Large craters formed by asteroid impacts in the last billion years are covered by boulders and rocks, while older craters have few rocks, Diviner data showed. This happens because impacts excavate lunar boulders that are ground into soil over tens to hundreds of millions of years by a constant rain of tiny meteorites.

Paper co-author Rebecca Ghent, a planetary scientist at University of Toronto and the Planetary Science Institute in Tucson, Arizona, calculated in 2014 the rate at which Moon rocks break down into soil.
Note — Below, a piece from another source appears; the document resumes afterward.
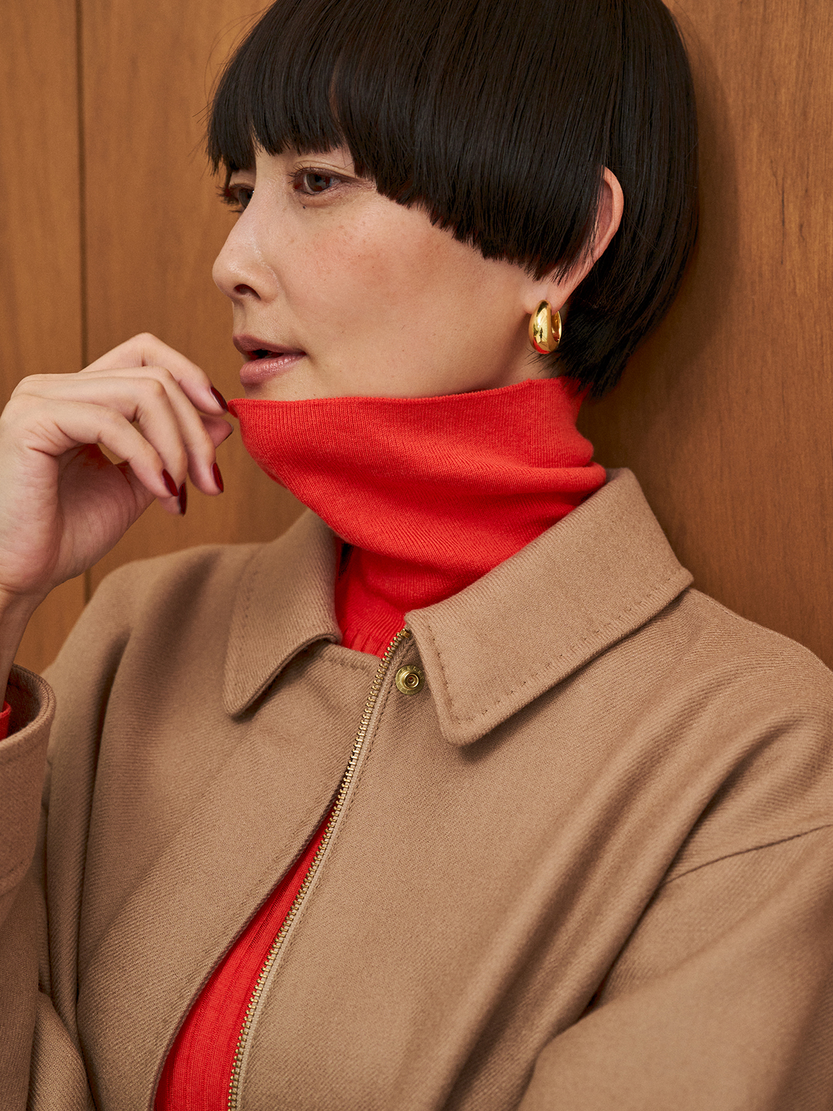 背筋の伸びるキャメル×トマトレッドのラグジュアリーカラーの組み合わせ

Her work thus revealed a relationship between an abundance of large rocks near a crater and the crater’s age. Using Ghent’s technique, the team assembled a list of ages of all lunar craters younger than about a billion years.

“It was a painstaking task, at first, to look through all of these data and map the craters out without knowing whether we would get anywhere or not,” said Sara Mazrouei, the lead author of the Science paper who collected and analyzed all the data for this project while a Ph.D. student at the University of Toronto.

The work paid off, returning several unexpected findings. First, the team discovered that the rate of large crater formation on the Moon has been two to three times higher over approximately the last 290 million years than it had been over the previous 700 million years. The reason for this jump in the impact rate is unknown. It might be related to large collisions taking place more than 300 million years ago in the main asteroid belt between the orbits of Mars and Jupiter, the researchers noted. Such events can create debris that can reach the inner solar system.

The second surprise came from comparing the ages of large craters on the Moon to those on Earth. Their similar number and ages challenges the theory that Earth had lost so many craters through erosion that an impact rate could not be calculated.

“The Earth has fewer older craters on its most stable regions not because of erosion, but because the impact rate was lower about 290 million years ago,” said William Bottke, an asteroid expert at the Southwest Research Institute in Boulder, Colorado and a co-author of the paper. “This meant the answer to Earth’s impact rate was staring everyone right in the face.”

Proving that fewer craters meant fewer impacts—rather than loss through erosion—posed a formidable challenge. Yet the scientists found strong supporting evidence for their findings through a collaboration with Thomas Gernon, an Earth scientist based at the University of Southampton in England who works on a terrestrial feature called kimberlite pipes.

These underground pipes are long-extinct volcanoes that stretch, in a carrot shape, a couple of kilometers below the surface. Scientists know a lot about the ages and rate of erosion of kimberlite pipes because they are widely mined for diamonds. They also are located on some of the least eroded regions of Earth, the same places we find preserved impact craters.

Gernon showed that kimberlite pipes formed since about 650 million years ago had not experienced much erosion, indicating that the large impact craters younger than this on stable terrains must also be intact. “So that's how we know those craters represent a near-complete record,” Ghent said.

Ghent’s team, which also included Southwest Research Institute planetary astronomer Alex Parker, wasn’t the first to propose that the rate of asteroid strikes to Earth has fluctuated over the past billion years. But it was the first to show it statistically and to quantify the rate. Now the team’s technique can be used to study the surfaces of other planets to find out if they might also show more impacts.

The team’s findings related to Earth, meanwhile, may have implications for the history of life, which is punctuated by extinction events and rapid evolution of new species. Though the forces driving these events are complicated and may include other geologic causes, such as large volcanic eruptions, combined with biological factors, the team points out that asteroid impacts have surely played a role in this ongoing saga. The question is whether the predicted change in asteroid impacts can be directly linked to events that occurred long ago on Earth.